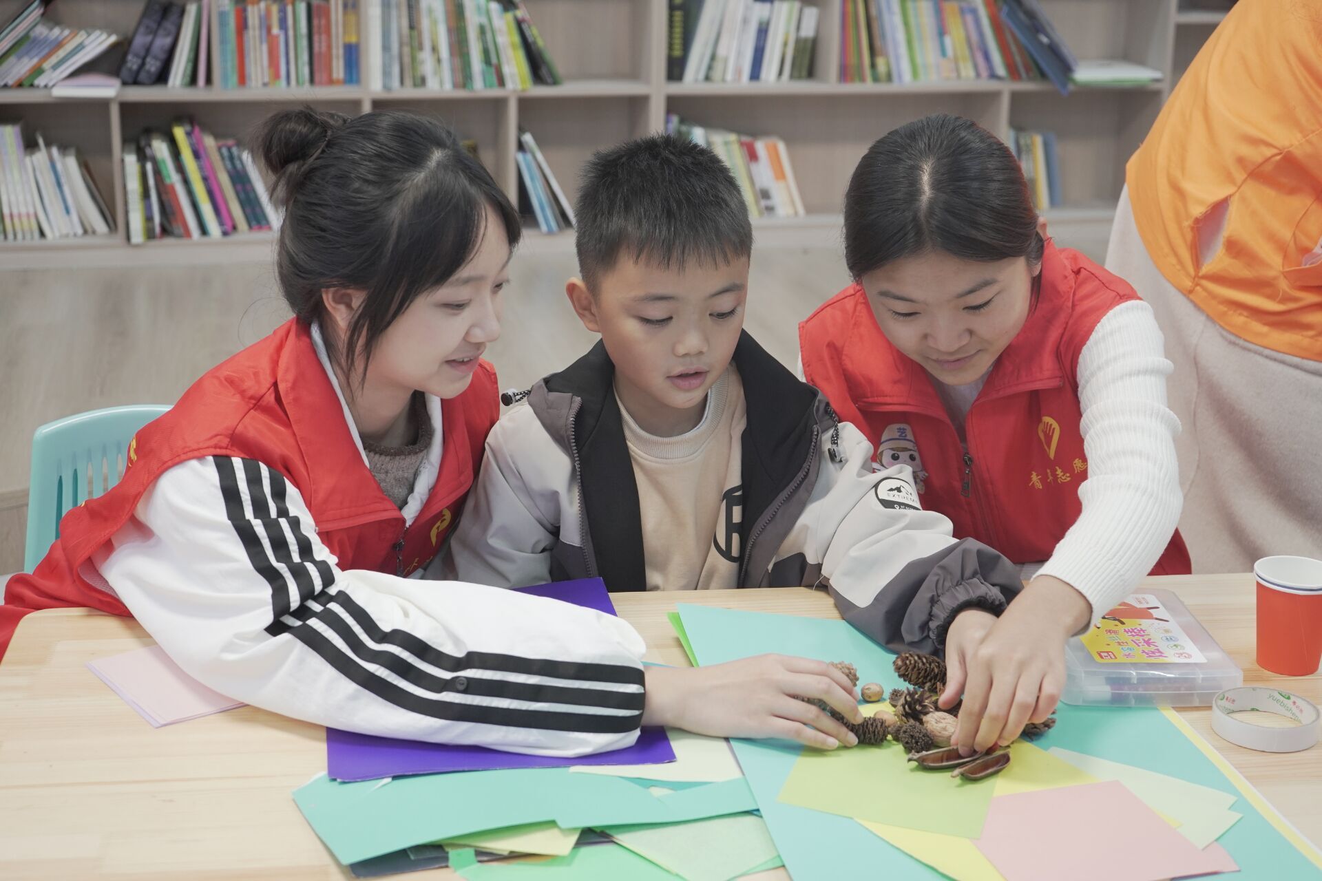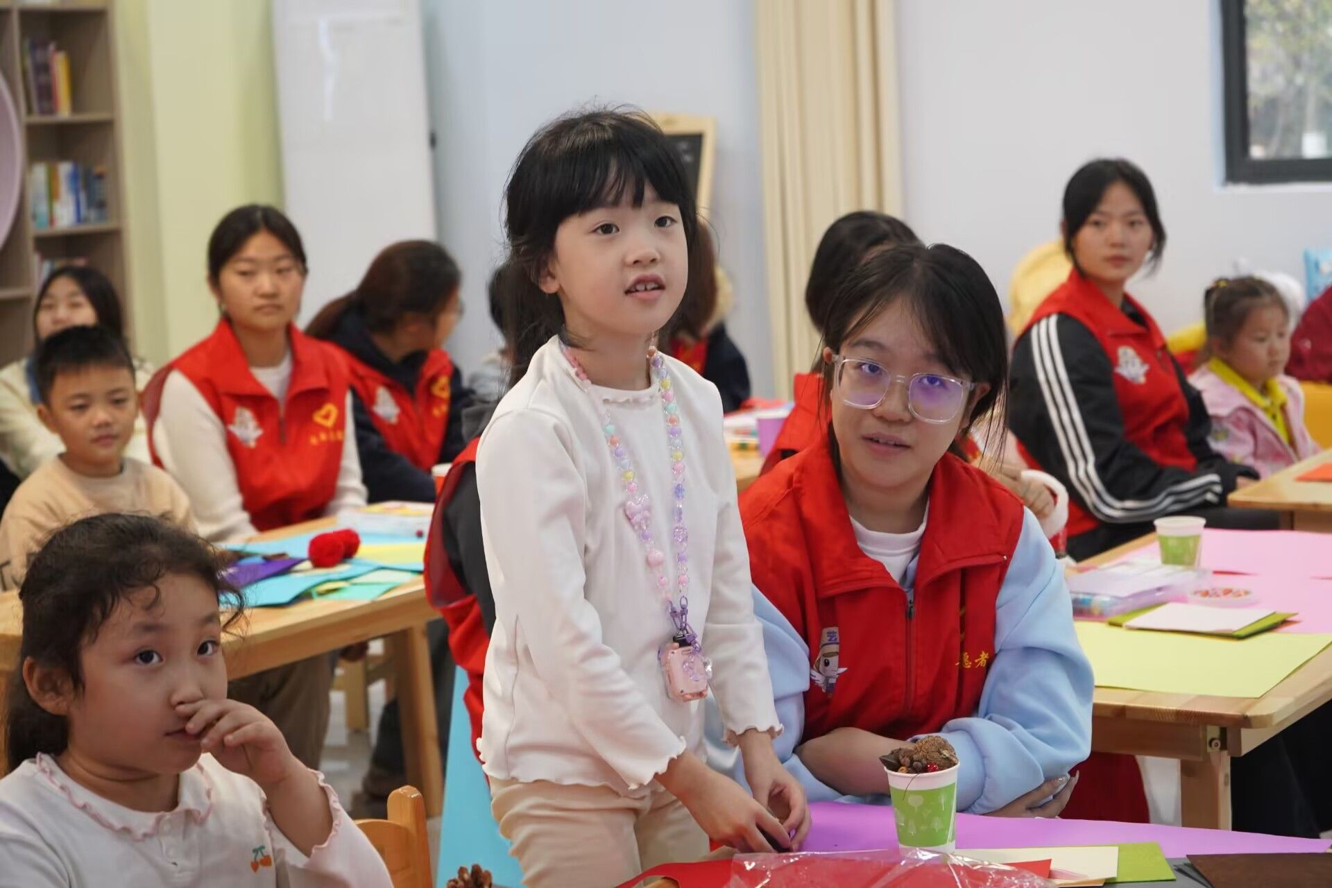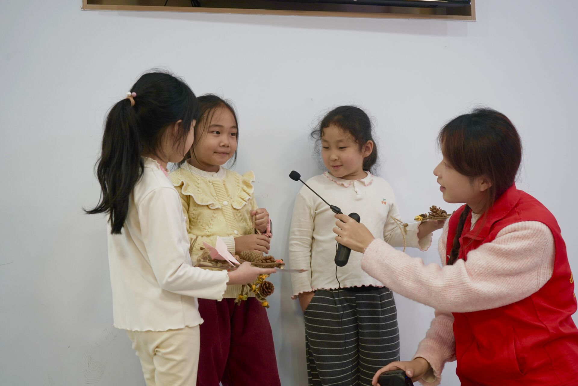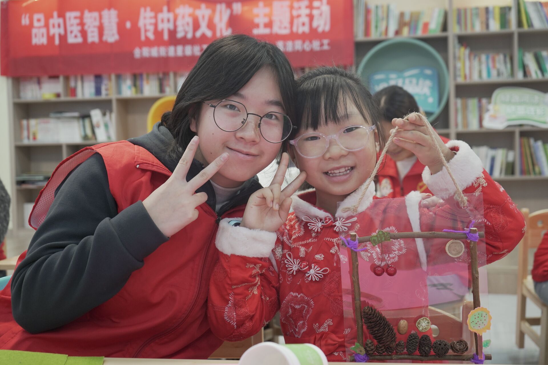 课堂互动启智慧,巧手实践悟传承。在手工实践环节,志愿者首先向小朋友展示了制作精美的示范作品,简要讲解制作要领后,便分组指导孩子们动手操作。孩子们在志愿者耐心细致的指导下,认真挑选药材、仔细拼接材料,每个步骤都完成得一丝不苟。现场氛围专注而温馨,孩子们在亲手实践中加深了对中药材的认知。随后的作品展示环节,孩子们自信地举起亲手制作的手工品,向大家分享自己的成品。他们用稚嫩而真诚的语言讲述着对自己成品的制作过程,每个作品都展现了独特的童趣创意。志愿者为每位小朋友送上纪念奖品,孩子们脸上洋溢着快乐的笑容。
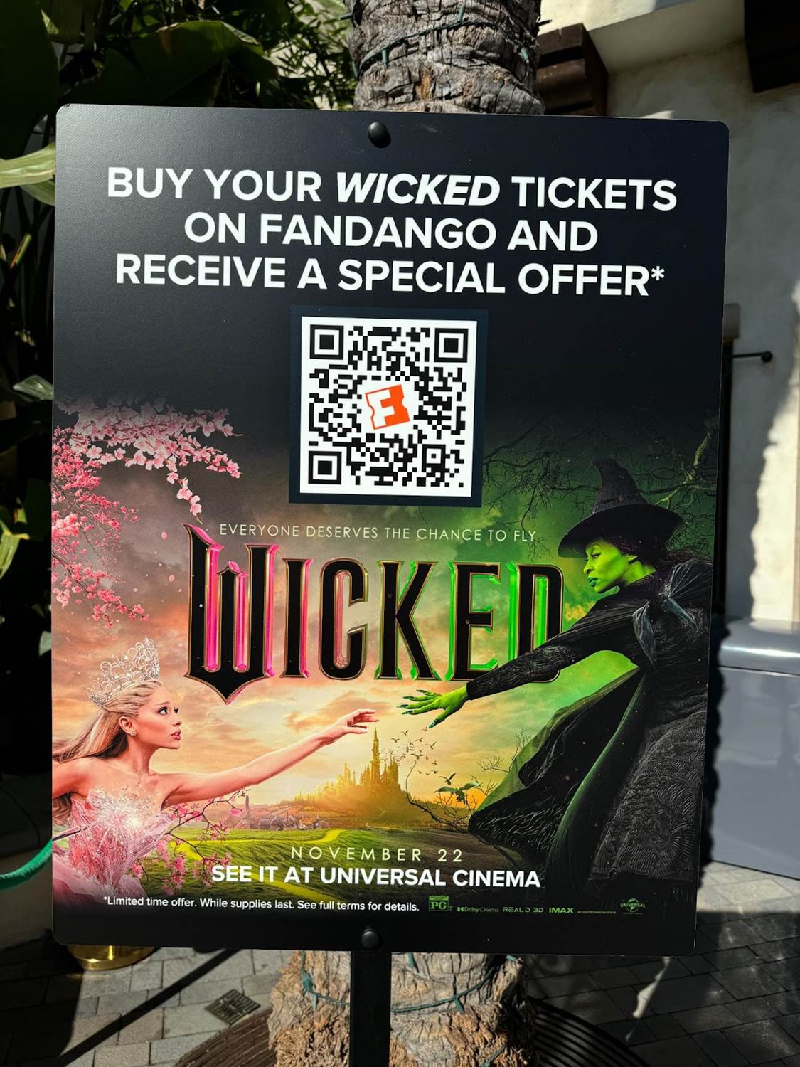 And before you leave Universal Studios Hollywood, don’t forget to stop by the Wicked photo op located near the park entrance. There’s also a QR code you can scan for a special offer from Frandango.
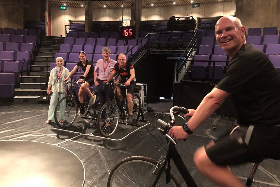 Researchers at Keele University have teamed up with a local theatre to study how much “pedal power” it takes to power a theatre.
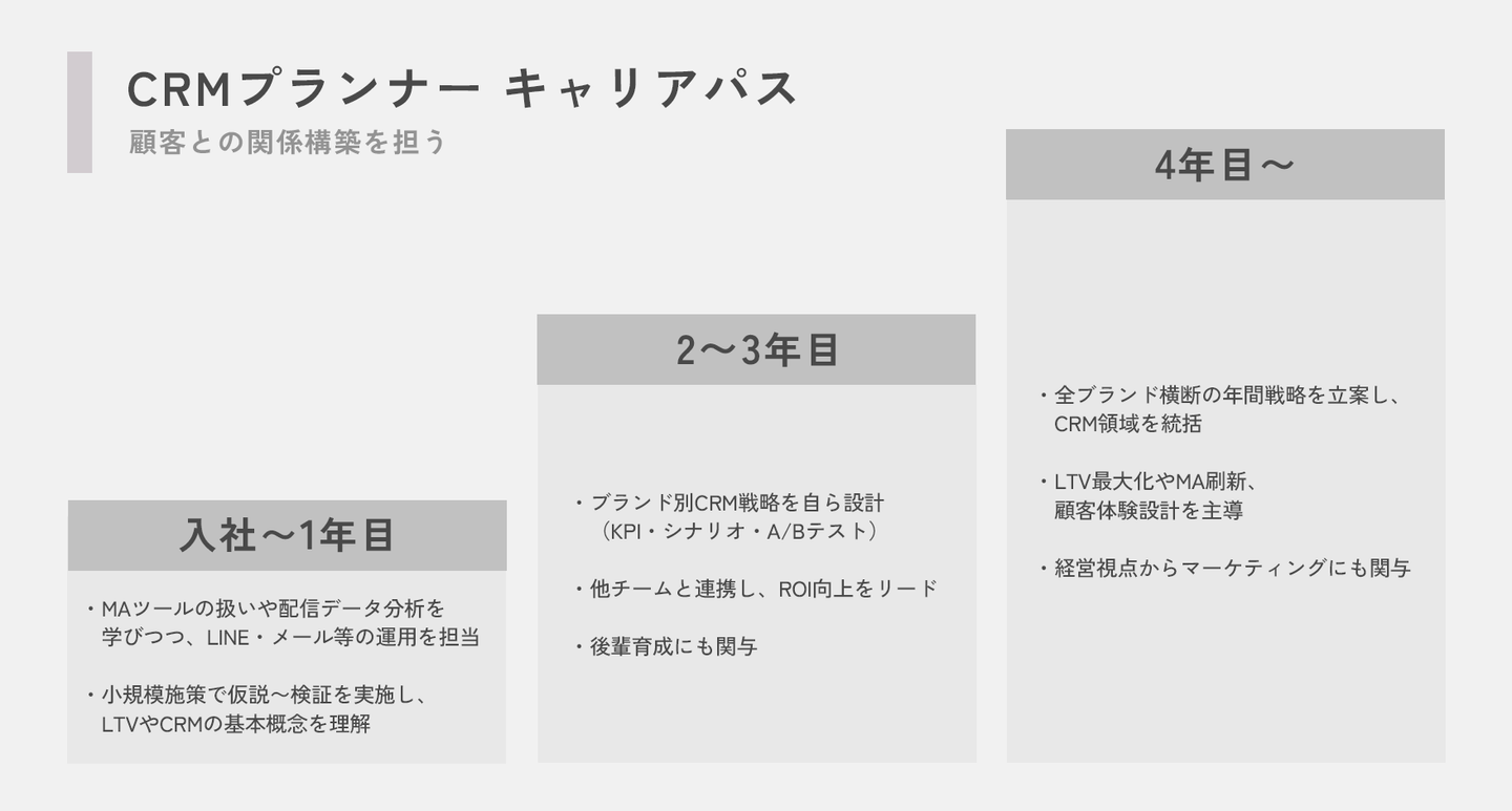 データ分析に基づくLTV最大化設計や、MAツールの刷新、カスタマーエクスペリエンス全体の最適化にも取り組みます。
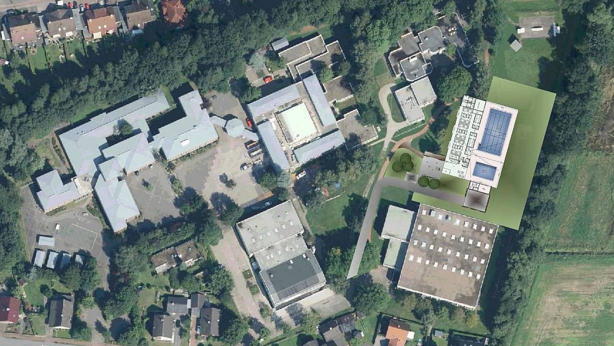 Hier könnte gebaut werden: Rechts ist oberhalb der Dreifachhalle das neue Hallenbad eingezeichnet. Kleinspielfeld und Soccerplatz müssten weichen. | © Constrata

◇ ◇ ◇ ◇ ◇ ◇ ◇

## Try it
Your output must match the records word for word, apart from the images, which are left out.

## Written response
 课堂互动启智慧,巧手实践悟传承。在手工实践环节,志愿者首先向小朋友展示了制作精美的示范作品,简要讲解制作要领后,便分组指导孩子们动手操作。孩子们在志愿者耐心细致的指导下,认真挑选药材、仔细拼接材料,每个步骤都完成得一丝不苟。现场氛围专注而温馨,孩子们在亲手实践中加深了对中药材的认知。随后的作品展示环节,孩子们自信地举起亲手制作的手工品,向大家分享自己的成品。他们用稚嫩而真诚的语言讲述着对自己成品的制作过程,每个作品都展现了独特的童趣创意。志愿者为每位小朋友送上纪念奖品,孩子们脸上洋溢着快乐的笑容。
 And before you leave Universal Studios Hollywood, don’t forget to stop by the Wicked photo op located near the park entrance. There’s also a QR code you can scan for a special offer from Frandango.
 Researchers at Keele University have teamed up with a local theatre to study how much “pedal power” it takes to power a theatre.
 データ分析に基づくLTV最大化設計や、MAツールの刷新、カスタマーエクスペリエンス全体の最適化にも取り組みます。
 Hier könnte gebaut werden: Rechts ist oberhalb der Dreifachhalle das neue Hallenbad eingezeichnet. Kleinspielfeld und Soccerplatz müssten weichen. | © Constrata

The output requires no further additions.